Hewan bukan satu-satunya makhluk yang menemukan tempat perlindungan di nusantara. Selama perang, pulau-pulau itu adalah tempat berlindung yang relatif aman, cukup jauh dari daratan untuk menghindari kekerasan terburuk.

Querino Huo lahir di Vilanculos, kota gerbang ke kepulauan itu, dan dikirim ke tempat yang aman di Pulau Benguerra sebagai seorang anak.

“Dari ingatan saya yang paling awal, saya telah dikelilingi oleh pemandangan dan suara lautan. Setiap hari, orang-orang kami akan pergi memancing di dhow.

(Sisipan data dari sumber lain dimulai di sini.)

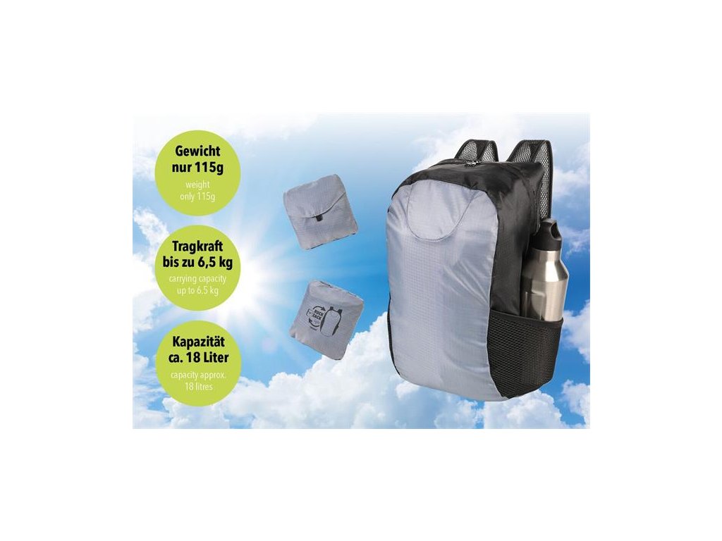 Či už pri plánovanom alebo spontánnom nákupe, tento skladací batoh je skvelou voľbou vďaka svojej úspornosti. -hmotnosť: iba 115 g -veľký hlavný priečinok na zips -vnútorné vrecko so suchým zipsom -2 bočné vrecká na fľašu a dáždnik -nastaviteľné ramenné popruhy -objem: približne 18 litrov -nosnosť: približne 6,5 kg -materiál: 100 % polyester -priestorovo úsporný dizajnZnačka: TROIKA
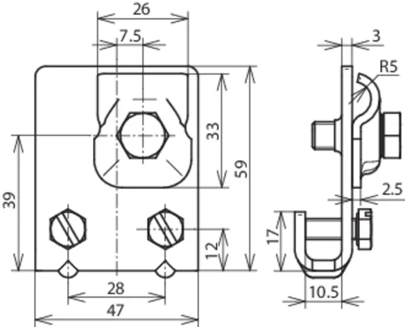 Seam clamp with two-screw clamp under hooking at seams, Cu
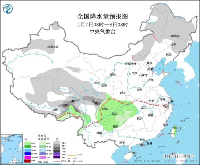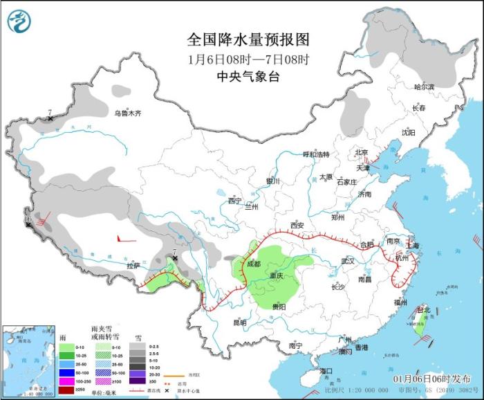 據(jù)中央氣象臺網(wǎng)站消息,昨日,全國大部地區(qū)降水稀少,內(nèi)蒙古、吉林等地部分地區(qū)出現(xiàn)降雪;內(nèi)蒙古、山西、京津冀等地風(fēng)力較大。預(yù)計未來三天,冷空氣影響我國大部地區(qū),新疆北部、青藏高原有降雪,西南地區(qū)東部、江南西部等地部分地區(qū)有雨轉(zhuǎn)雪,關(guān)注對交通出行等的影響。 冷空氣將影響我國大部地區(qū) 西南地區(qū)和江南西部有雨雪天氣 受冷空氣影響,6日夜間至9日,西南地區(qū)和中東部大部將有4~6℃降溫,東北地區(qū)、江漢、江南西部、貴州等地局地降溫8℃以上,內(nèi)蒙古中東部、華北北部、東北地區(qū)南部等地將有4~6級風(fēng);青藏高原東部、西南地區(qū)和江南西部有一次雨雪天氣過程,青海南部、西藏東部和川西高原有小到中雪,局地大雪,四川南部、云南北部、貴州中北部、重慶東部、湖北西部和湖南西部有小雨轉(zhuǎn)雨夾雪或雪,其中四川南部、云南西北部和東北部、貴州北部、湖北西南部、湖南西北部等地的部分地區(qū)有中到大雪,局地暴雪,貴州中北部、湖北西南部、湖南西部等地局地有凍雨。 國內(nèi)未來三天具體預(yù)報 1月6日08時至7日08時,內(nèi)蒙古中東部、黑龍江大部、新疆伊犁河谷和南疆盆地、西藏西部和東部、青海南部、川西高原北部、山東半島北部等地部分地區(qū)有小到中雪或雨夾雪,其中,新疆南疆西部山區(qū)、西藏西部等地部分地區(qū)有大雪,局地暴雪(10~16毫米)。西藏東南部、湖北西南部、重慶大部、貴州西北部、云南東北部、臺灣島東部等地部分地區(qū)有小雨。內(nèi)蒙古中東部、遼東半島、山東半島、浙江北部等地部分地區(qū)有4~6級風(fēng)(見圖1)。

Ini adalah cara hidup dan bagian dari budaya kita; setiap keluarga terlibat,” kata Huo, ketika dia mengingat bagaimana dia akan pergi keluar dengan saudaranya sepulang sekolah hampir setiap hari untuk memancing.

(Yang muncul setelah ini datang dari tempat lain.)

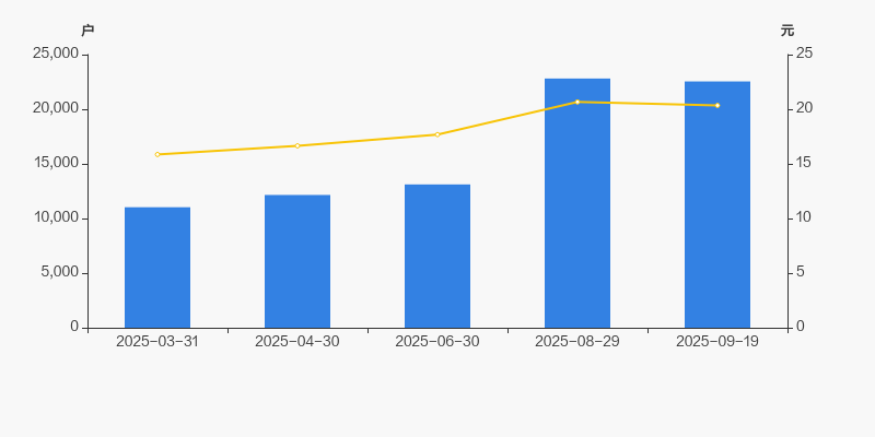 2025年3月31日至今,公司股东户数成倍增长,区间涨幅达104.36%。2025年3月31日至2025年9月19日区间股价上涨28.28%。
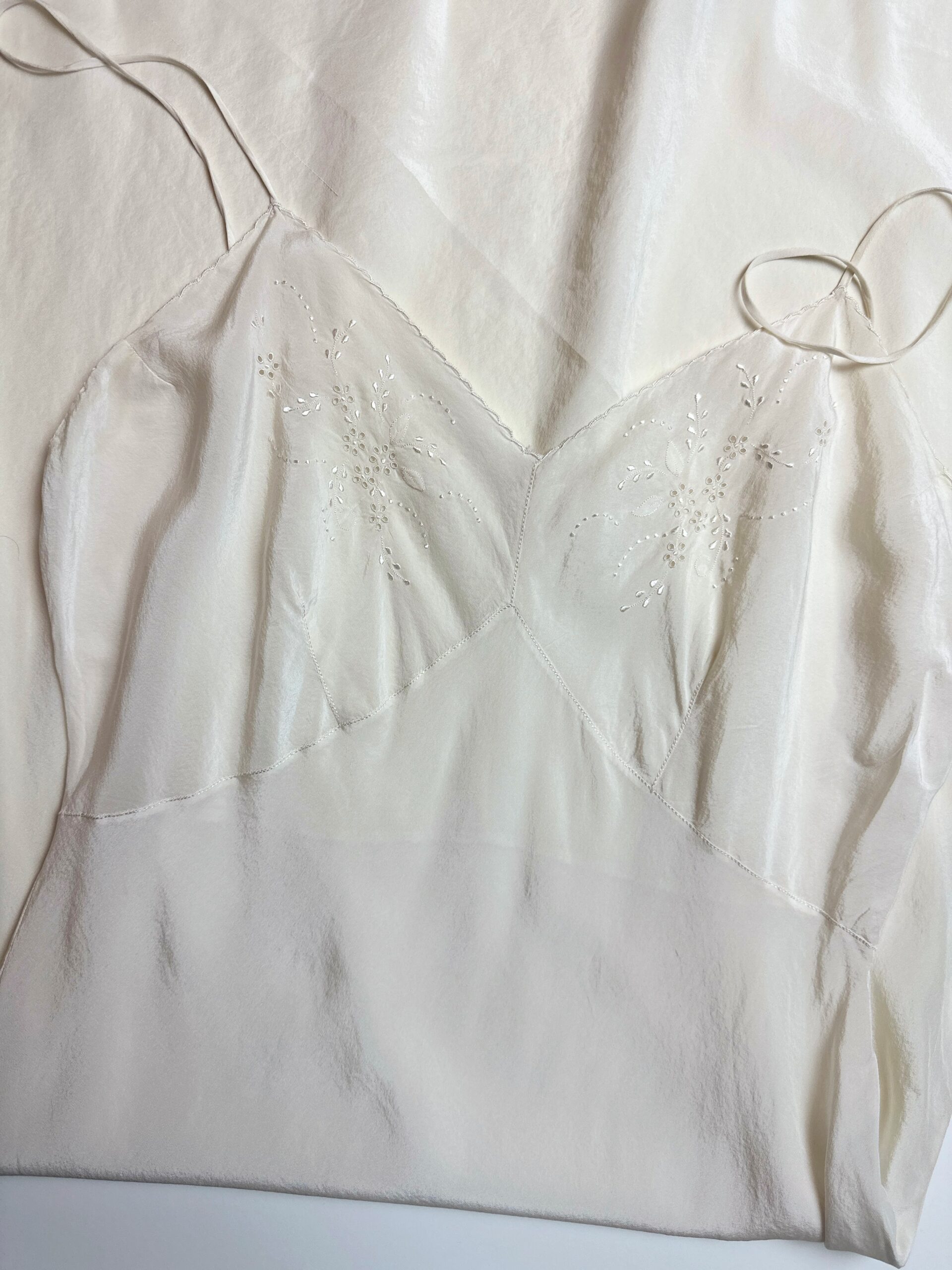 Classic silk slip dress sourced in Rome, with subtle embroidered details on the bust.

Huo mengatakan dia pindah ke Vilanculos untuk bekerja tetapi menemukan iming-iming pulau itu terlalu kuat untuk ditolak. Pada 2016, ia kembali ke Benguerra dan bergabung dengan tim pra-pembukaan di Kisawa, yang diluncurkan pada 2022.

Dengan hanya 11 tempat tinggal megah yang tersebar di 300 hektar (741 hektar) di ujung selatan pulau, itu seperti tempat persembunyian miliarder, dengan sedikit lebih dari atap jerami paviliun yang mengintip dari balik bukit pasir bergelombang.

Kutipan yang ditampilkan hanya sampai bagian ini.